When parol evidence is considered, the determination on Buyer's motion for summary judgment is straightforward. Welch repeatedly testified that Buyer never intended for the purchase of the salt to be contingent on Buyer's down payment; Buyer only reached its current position when it became clear that Buyer could not make that payment. (Id. at 64, 67, 70-71). Since the primary goal of contractual construction under Indiana law is to ascertain the intent of the parties at the time the contract was made, Berkel & Co. Contractors, Inc. v. Palm & Associates, Inc., 814 N.E.2d 649, 657 (Ind. Ct. App. 2004), Buyer's after-the-fact legal interpretation cannot control.

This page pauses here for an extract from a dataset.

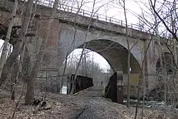 The Old Road was the site of the DL&W's most infamous train wreck. On June 16, 1925, a passenger train carrying German-American tourists from Chicago to Hoboken was slated to run over the Cut-Off, but in order to avoid freight trains on the line the special train was diverted onto the Old Road to Port Morris.[2] At Rockport, New Jersey, the train struck debris washed onto a road crossing by a heavy thunderstorm. The train derailed, and killed 47 passengers and three trainmen.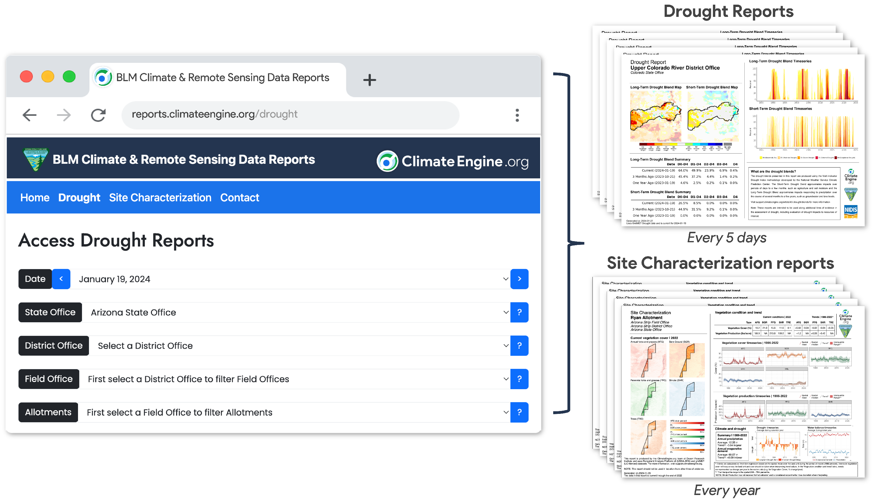 To simplify and streamline the availability of satellite-based vegetation data, our team at ClimateEngine.org has partnered with the BLM to provide Site Characterization reports for all BLM state offices, district offices, field offices, and grazing allotments in the conterminous 48 states.

Genuine issues of fact exist, and Buyer's motion for summary judgment must be denied.

2. Waiver of Condition Precedent

Even if the Court concluded that it could not consider parol evidence, and it accepted Buyer's position that it needed to enforce the plain language of the Agreement, summary judgment would still be improper. Buyer describes the Agreement's requirement that funds be transferred as "a condition precedent that must be performed before the agreement becomes binding, or a condition that must be fulfilled before the duty to perform arises." (ECF No. 50 at 5). Since funds were never transferred, Buyer asserts that the Agreement never became binding and it could not have breached the Agreement.

However, as Seller rightly points out, conditions precedent can be waived. The party to whom the benefit of a contractual condition precedent inures may waive that condition and demand that the other party perform the contract. Harrison v. Thomas, 761 N.E.2d 816, 820 (Ind. 2002). The performance of a condition precedent may be "waived in many ways," including the conduct of one of the parties to the contract. Id. (first quoting Johnson v. Bucklen, 36 N.E. 176, 177 (1894); then citing Penmanta Corp. v. Hollis, 520 N.E.2d 120, 122 (Ind. Ct. App. 1988)).

Here, the Court concludes that the designated evidence, when viewed in a light most favorable to Seller, supports Seller's argument that the condition precedent was waived. First, the Court concludes that the condition precedent inured to the benefit of Seller.3 It was Seller that proposed the term and reinserted the term when Buyer attempted to remove it. The intent of the condition precedent was likely to avoid the very situation that has come to pass, with Seller left holding the bag after Buyer's refusal to perform. With the condition precedent inuring to the Seller's benefit, it could and did waive the condition precedent. The designated evidence shows that, upon receiving Buyer's oral confirmation on August 7, 2014, Seller took steps to mobilize the shipment of salt, including wiring $700,000.00 to Pardira. A reasonable jury could conclude that these steps represented Seller proceeding to fulfill its duties under the Agreement without first receiving any funds, thus waiving the condition precedent.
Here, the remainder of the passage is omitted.